Tuesday, June 28, 2016

Follow up

I had a followup with my doctor today regarding the results. It seems my NKCells look decent - but TNFa is 41.5 (which I had it wrong by typing 45.7 in the last post). Regardless, still high. My AMH levels came back a little weird too. They came back at 10.45 which is really high for someone my age. The last time I got tested for AMH last year in Sept it was 3.71 which is normal...so I have no clue how or why it bounced to 10.45! But from what I read - it could be an indicator of PCOS. Which I haven't been diagnosed with ever and don't think I have. I have regular periods, and ovulate regularly. So it's a little weird to me. My doctor thought it was an excellent number - which made me scratch my head since I am 37 with an AMH that bounced to a number that perhaps an early teenager would have. I am sure my doctor is sick of my constantly questioning things - but I don't care. This is my body and if I want to know more - or have more questions...I'm going to ask. I am not shy and the way I see it - is she is working for me. I am paying for her services. So I don't care if I am a bug-a-boo when it comes to my health.
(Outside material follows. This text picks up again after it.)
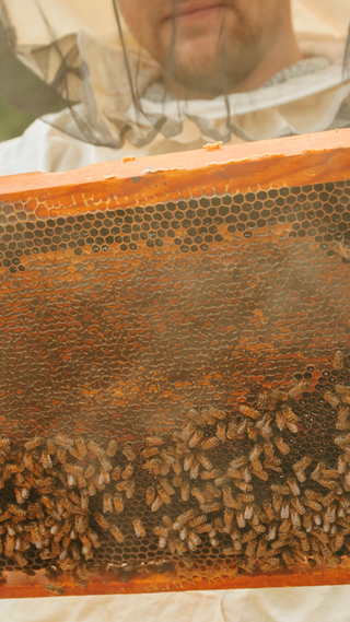 Wild honeybees choose to live in the hollows of large trees and logs because they provide a large protective thermal mass, reducing the amount of energy required to maintain the hive’s climate.
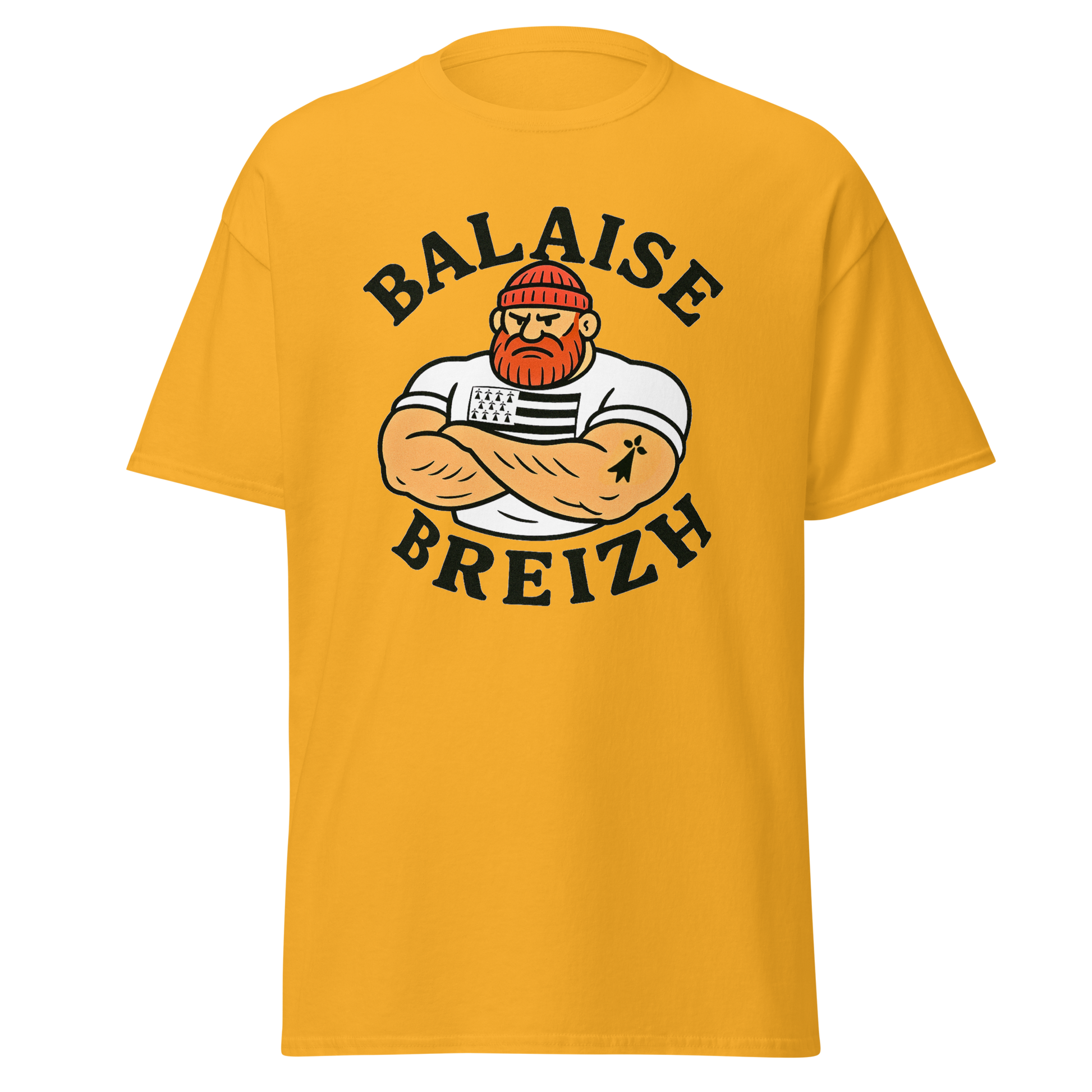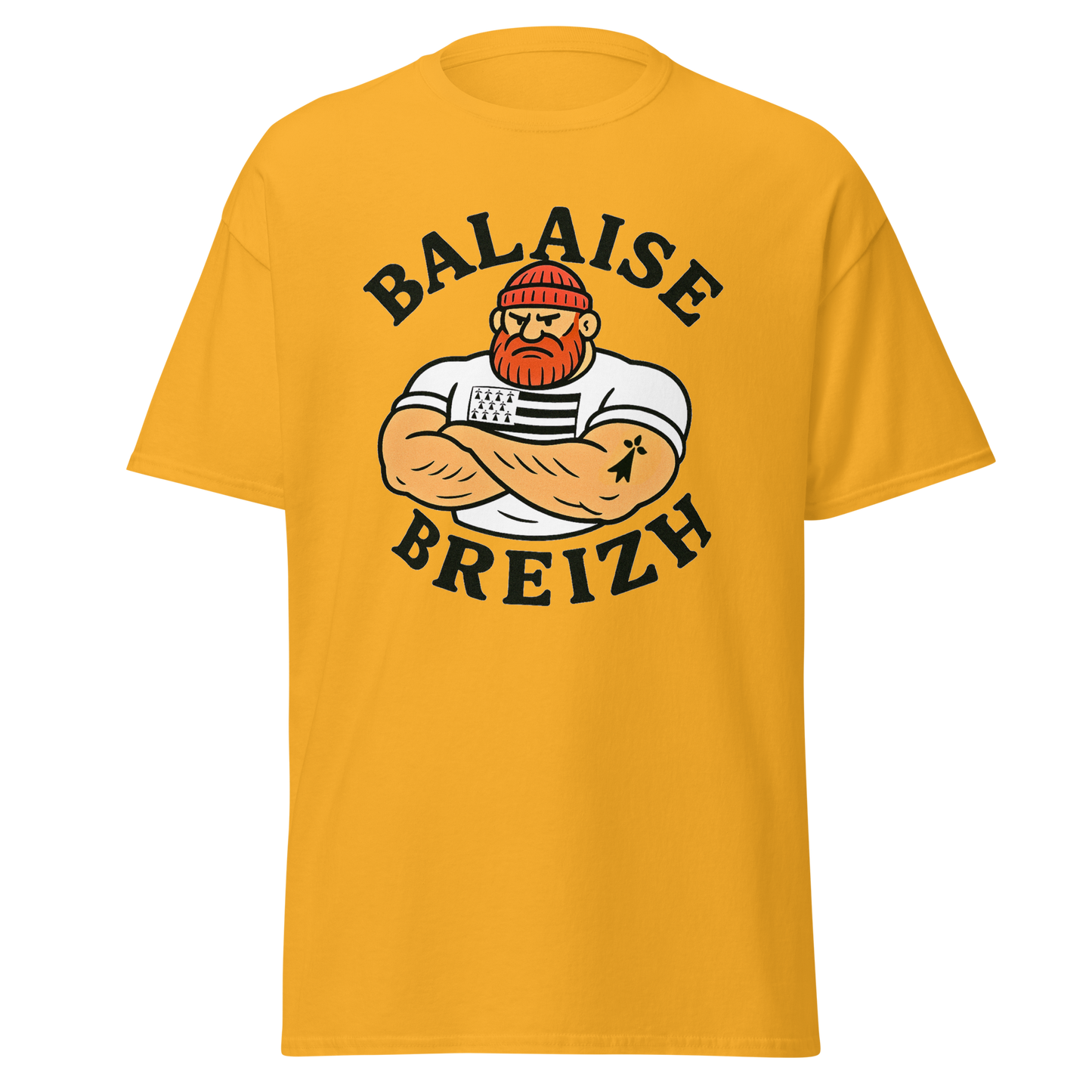 Soyez le mastodonte des festoù-noz et le roi des crêperies ! Enfilez ce T-shirt “Balaise Breizh” et dégainez votre plus beau Dañs Breizh. Conçu en coton peigné ultra-confort (170 g/m²), il vous suit partout – du port de Douarnenez aux Abers sauvages – sans jamais faiblir. Avec son visuel “Balaise Breizh” arborant le Gwen ha Du et un guerrier baraqué, affichez votre fierté bretonne en toute élégance.

  Anyway, my doctor. That is another story. I like her, she is really nice...but sometimes I feel that she isn't that clued in. There is this drug that is commonly used in the UK that has proven to help bring down TNFa significantly. And I asked her about it at my appt today. She heard of it but never used it or prescribed it before. So when I got back to work - I saw that it is avail in the US and the price of it isn't that much. I wrote to her to see if it's something we could try and she shot it down. Stating that she was unfamiliar with it and doesn't want to prescribe something she is unfamiliar with. Ok, that's respectable. I get that. BUT. Here is my issue. If something is commonly used amongst reproductive immunologists around the globe and has proven to work - and it's available here. Wouldn't you, as a doctor, do some research on the drug. Find out more about it and perhaps see if it could be helpful to your practice? She just shot it down because she didn't know much about it. But this could be a cure for me! LEARN about it - and then if you feel it's too risky - deny it. But don't just shut it down and remain naive.

Ugh. It's really frustrating when I am doing basically homework to figure all of this out for myself, but I can only go so far with it because another person who could help - doesn't care to do any research to help. Sometimes I wish I could find a new Dr. but there are very few in the area - and I don't want to go down another long twisted road when I have already gone so far with this one.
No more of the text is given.